Imperial  /  Essays  /  Prompt 3

Imperial: Question 3: Experiences outside education

Part of the 4,000-character total; aim for roughly 900-1,200 characters

What experiences outside of education have helped you prepare, and why are they valuable?
What it’s really asking

This is the third UCAS question. Imperial wants relevant experiences from outside the classroom, work, volunteering, projects, competitions, or hobbies, and crucially why they are useful for this course. The 'why' matters more than the activity.

Why they ask it

This is where US applicants are most tempted to dump extracurriculars. Imperial only cares about them if they build a skill the course needs or deepen your engagement with the subject. The question literally asks why the experience is valuable, so an unexplained list scores nothing.

Three ways in
Pick relevant, cut the rest

Choose one or two experiences that genuinely connect to the subject or to a skill it demands, and leave everything else out.

State the transferable outcome

For each one, say plainly what you can now do, or now understand, because of it.

Bring it back to the course

Keep it short and tie the experience to the subject, so the statement ends on relevance rather than drifting into a CV.

✕  Weak opening

“Outside of school I play the violin, captain the football team, and volunteer at a local charity, which have made me well-rounded.”

✓  Strong opening

“Running a small Discord bot for my robotics club taught me more about debugging under pressure than any class, because forty people noticed the moment it broke.”
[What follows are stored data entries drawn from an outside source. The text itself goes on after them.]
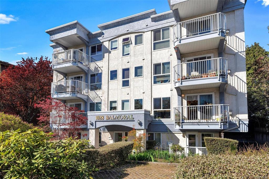 Experience a sun-drenched, south-facing 2 Bed, 1 Bath home at The Balmoral, beautifully updated throughout. The functional layout features an inviting living and dining area anchored by a cozy gas fireplace, while the sunny balcony offers the perfect setting for your morning coffee. The refreshed kitchen showcases modern finishes and quality appliances, complemented by durable laminate flooring and designer paint throughout. Thoughtful upgrades also include a custom closet system, updated blinds, and a full...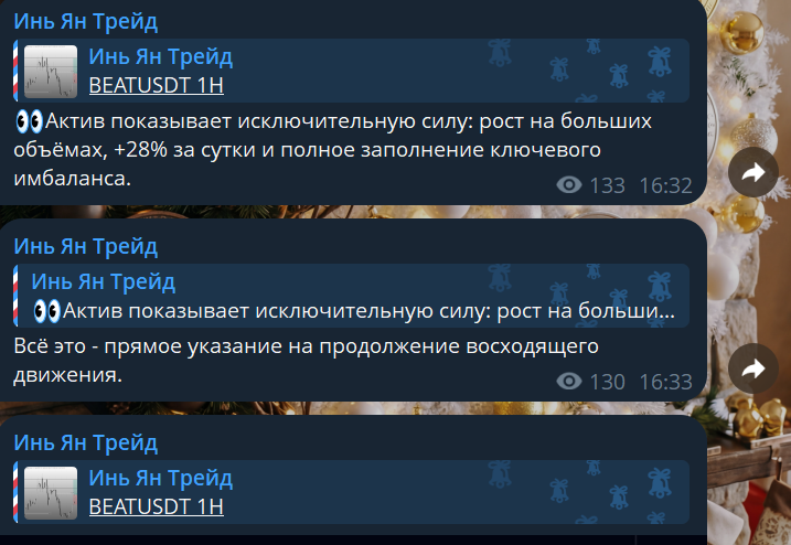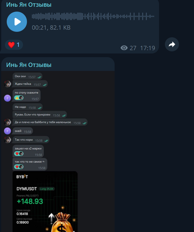 О телеграм-канале «Инь ян трейд» отзывы встречаются только на специально выделенном телеграм-канале от Pavlizz, а на внешних источниках отсутствуют. На внутренней площадке, которая не вызывает доверия, публикуются исключительно позитивные комментарии из переписок. Они содержат скрины с успешными отработками.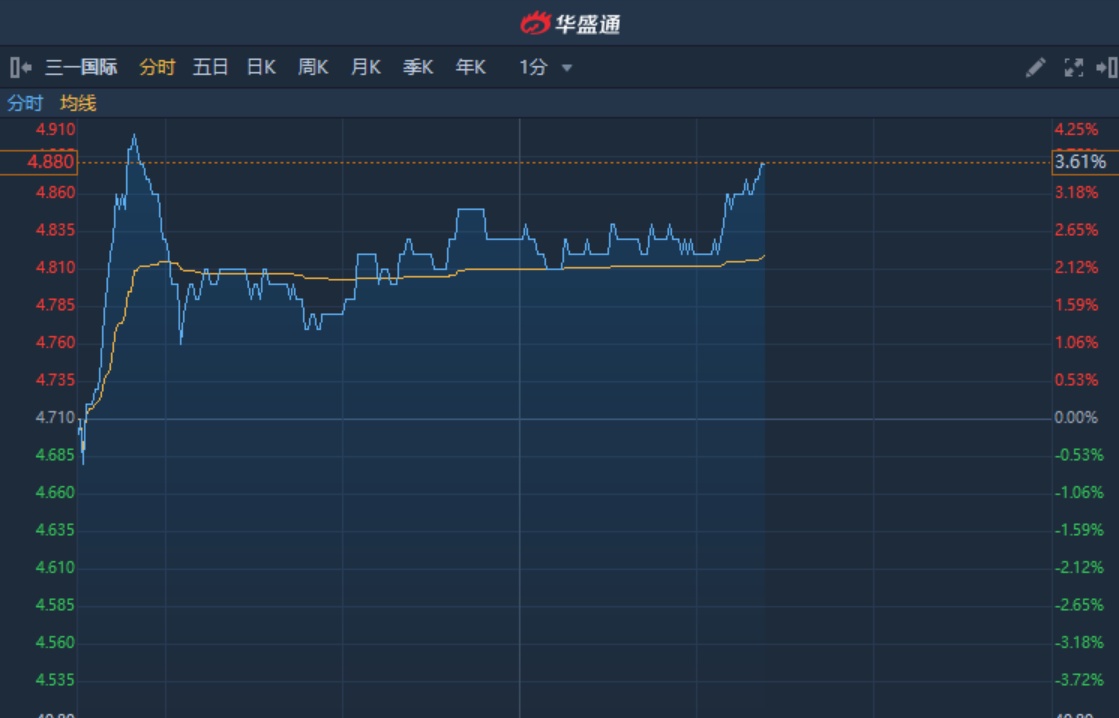 智通财经APP获悉,三一国际(00631)获招商证券看高至5.47港元,维持“买入”评级。截至14时22分,涨3.61%,报价4.88港元,成交额3187万。值得注意的是,该股盘中高见4.9港元,创逾8年新高。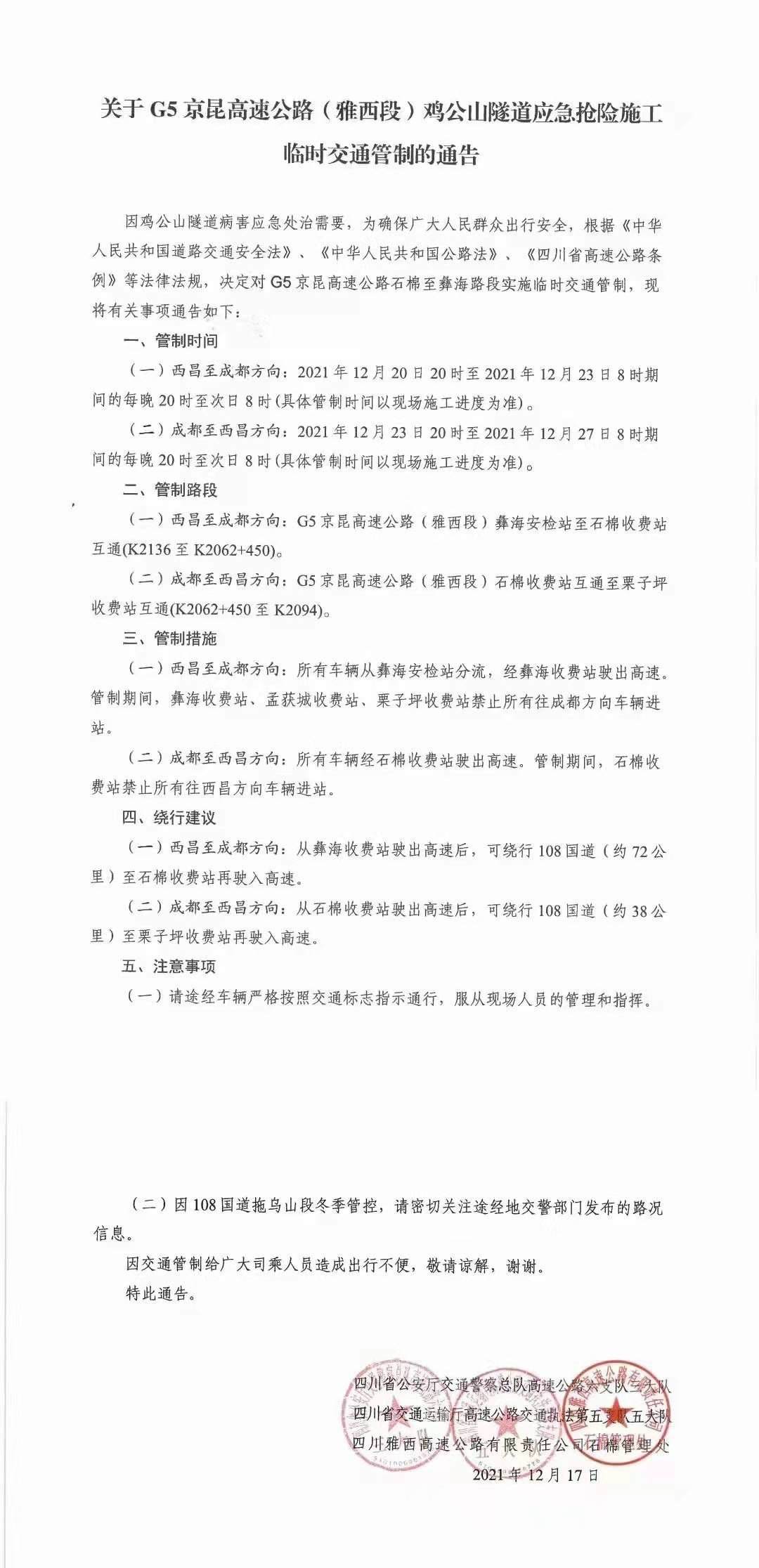 12月18日,据四川省公安厅交通警察总队高速公路六支队消息,因鸡公山隧道病害应急处治需要,决定对G5京昆高速公路石棉至彝海路段实施临时交通管制。

✦ Annotated example · Tutoring and a chess club: experiences outside education that built mathematical character. Written by EssayLens to teach, not a real applicant’s essay. Tap a highlighted line →
For two years I have tutored GCSE maths at a Saturday community scheme. Explaining why dividing by a fraction means multiplying by its reciprocal, to a student who has only ever been told to "flip and multiply," forced me to actually understand it myself.1 I learned that you do not truly know mathematics until you can rebuild it for someone who is stuck, and that patience is a technical skill, not just a kind one.2 I also captain my local chess club, where I run a junior session on endgame theory.3 Chess taught me to calculate variations several moves deep and to resign positions gracefully when the logic is lost, which, oddly, made me less afraid of being wrong in a proof.4 Both have given me what no exam could: the habit of thinking out loud, defending a line of reasoning,5 and changing my mind when the evidence demands it.6
  1. 1A concrete, sustained activity outside school. The specific example (reciprocals) shows teaching deepened his own understanding, tying the experience back to the subject.
  2. 2Extracts a genuine, non-cliched lesson. This reflective turn is what makes the experience 'valuable' in the question's terms, and reads as authentic rather than performed.
  3. 3Introduces a second distinct experience efficiently, important given the tight character budget for this question.
  4. 4Connects the activity back to mathematical thinking (calculation, accepting a refuted line). Linking 'resigning gracefully' to fearlessness in proofs is an original, memorable bridge.
  5. 5Begins the synthesis, naming the transferable intellectual habits the two experiences share.
  6. 6Ends on the most important habit for a mathematician, answering 'why are they valuable' explicitly and economically.
Stuck? Start here
  • Which outside-school experience actually connects to your subject or a skill it needs?
  • For each thing you want to mention, can you finish the sentence 'this is useful for the course because...'?
  • What can you now do, or understand, that you could not before this experience?
Before you submit
  • Every experience is tied to the subject or a skill the course demands.
  • Each one states why it is valuable, not just what it was.
  • Ends on subject relevance, not a generic 'well-rounded' claim.